Activity
Your job is to give again, exactly and with no additions, the lines in the records below from the one with "VIMAGE/纬漫纪夏季新款时尚印花包臀开叉中长款半身裙女裙V1706315" through the one with "三宅町のおとなり、川西町にあ", both included. Omit the pictures.

The input
Segment Open

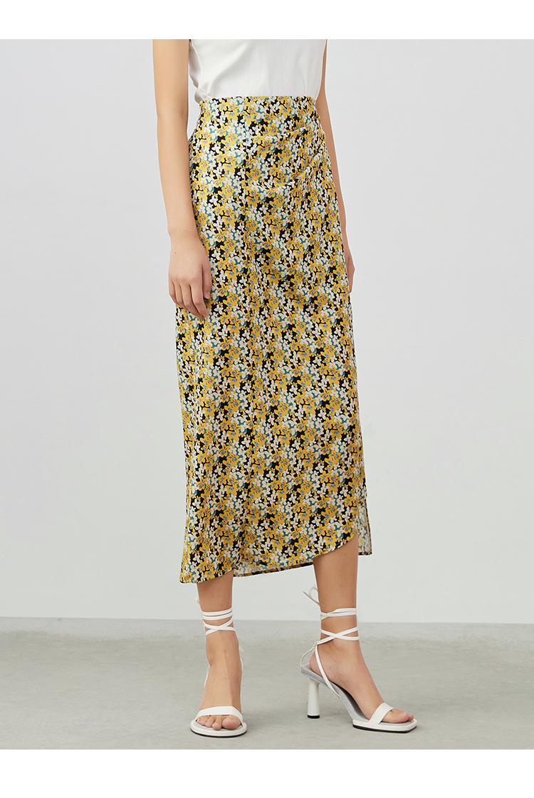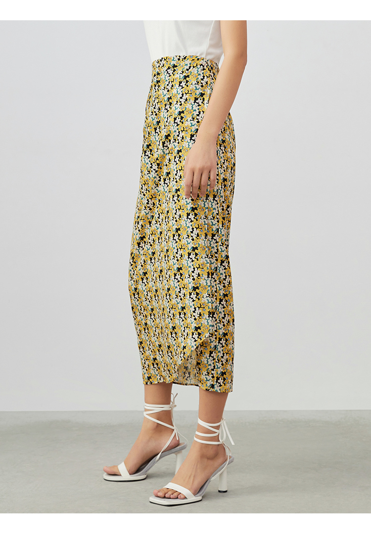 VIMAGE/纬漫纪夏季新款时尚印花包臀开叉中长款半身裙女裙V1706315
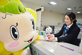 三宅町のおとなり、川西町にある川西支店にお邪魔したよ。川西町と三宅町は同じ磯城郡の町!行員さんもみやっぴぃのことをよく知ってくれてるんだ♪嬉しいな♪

Segment Closed
Segment Open

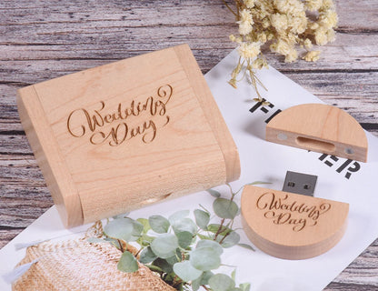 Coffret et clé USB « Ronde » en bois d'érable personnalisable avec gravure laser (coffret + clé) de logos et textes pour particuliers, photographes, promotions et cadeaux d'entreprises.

Segment Closed

Result of this exercise
 VIMAGE/纬漫纪夏季新款时尚印花包臀开叉中长款半身裙女裙V1706315
 三宅町のおとなり、川西町にある川西支店にお邪魔したよ。川西町と三宅町は同じ磯城郡の町!行員さんもみやっぴぃのことをよく知ってくれてるんだ♪嬉しいな♪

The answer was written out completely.